Next, we capture g2 and make g2 use the same memory pool as g1. And the situation which we have is something like the following:

  • g2 uses the same CUDAGraph Memory Pool as g1 for its internal operations.
  • g2 gets its input from a different static placeholder 2.
  • Output of g2 is again a pointer to the CUDAGraph memory pool.

From the post:

With torch.cuda.make_graphed_callables(), if you want to graph several callables and you know they’ll always run in the same order (and never concurrently) pass them as a tuple in the same order they’ll run in the live workload, and make_graphed_callables() will capture their graphs using a shared private pool.

This means that if the capture sequence is g1 → g2, we should follow the order of g1 → g2 during replay. (why?)

I want to understand a few details about the approach:

  1. I guess copying data to the static placeholder is not required in CUDAGraph trees (based on the diagrams and the lightning talk by @eellison). The output address of g1 is baked into the graph g2 as its (static) input.
  2. If we have a chain, say g1 → g2, I guess g1 and g2 share the same CUDA memory pool in the same manner as in the case of eager CUDA Graph capture.
  3. Now, as in the post by @eellison following g1 → g2 if we have another graph g4 (a chain g1 → g2 → g4), I guess, g4 as well shares the same memory pool as that of g1, g2 right?
  4. I am trying to understand why we need to branch out and checkpoint the memory state.
    • Let us say that we are in a situation where we have captured g1 followed by g2, and g2 shares the same memory pool as g1.
    • Now, suppose we reach a situation where we need to execute graph g3 after g1. And now, given the current situation of the memory pool, if we try capturing g3, it would lead to the dependency g1 → g2 → g3, right?

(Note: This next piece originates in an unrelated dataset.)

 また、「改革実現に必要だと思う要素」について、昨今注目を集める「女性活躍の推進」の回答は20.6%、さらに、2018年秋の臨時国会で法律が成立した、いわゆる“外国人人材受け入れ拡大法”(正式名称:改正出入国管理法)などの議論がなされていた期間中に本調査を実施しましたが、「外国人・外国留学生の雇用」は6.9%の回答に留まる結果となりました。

Trying to replay in order g1 → g3 might result in an error because we are not following the capture order during replay.
  1. Regarding the above quote, can a simple example be provided illustrating its importance?
  1. Similarly, for the above quote, a simple example would help to understand it.
  1. An example of the “live memory” discussed above and how it causes dependency between two recordings.
  1. If I can understand the idea of “live tensors” (as asked in point 7), then the above quote will get clearer, I guess.

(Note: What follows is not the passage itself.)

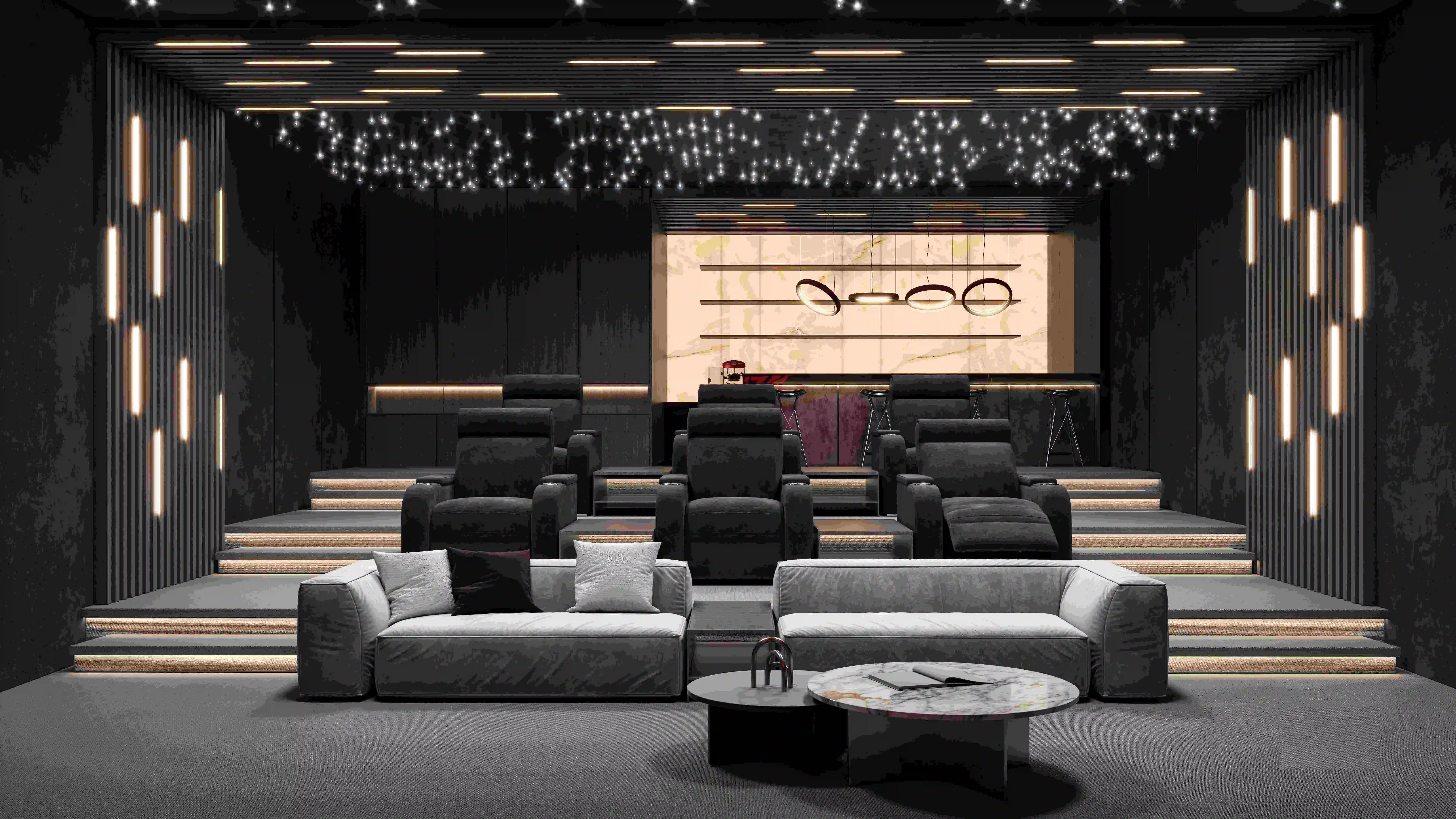 Set the mood for your home cinema with customizable lighting solutions. Install dimmable LED lights or smart lighting systems that allow you to adjust brightness and color temperature to match the mood of your movie or gaming experience. Consider incorporating ambient lighting features such as starlight ceilings or LED accent lighting for added visual impact.

I am fascinated by the concept of torch.compile, and I find this section dealing with CUDAGraphs pretty interesting. So, couldn’t help but write down my doubts.

4 Likes

Hi! Seems like you have a great handle on things. Answering a few questions/clarifying a few things.

    • Now, suppose we reach a situation where we need to execute graph g3 after g1. And now, given the current situation of the memory pool, if we try capturing g3, it would lead to the dependency g1 → g2 → g3, right? Trying to replay in order g1 → g3 might result in an error because we are not following the capture order during replay.

We had previously captured g1 → g2, and now we are trying to execute g1 → g3. The reason we need to checkpoint the memory state is during the fast - path execution of cuda graphs we dont do any memory accounting in the cuda caching allocator. All of the allocations appear as deallocated. To capture a new graph and share memory pool, the cuda caching allocator needs to know which tensors are live so that new allocations made in that pool do not overwrite existing live tensors.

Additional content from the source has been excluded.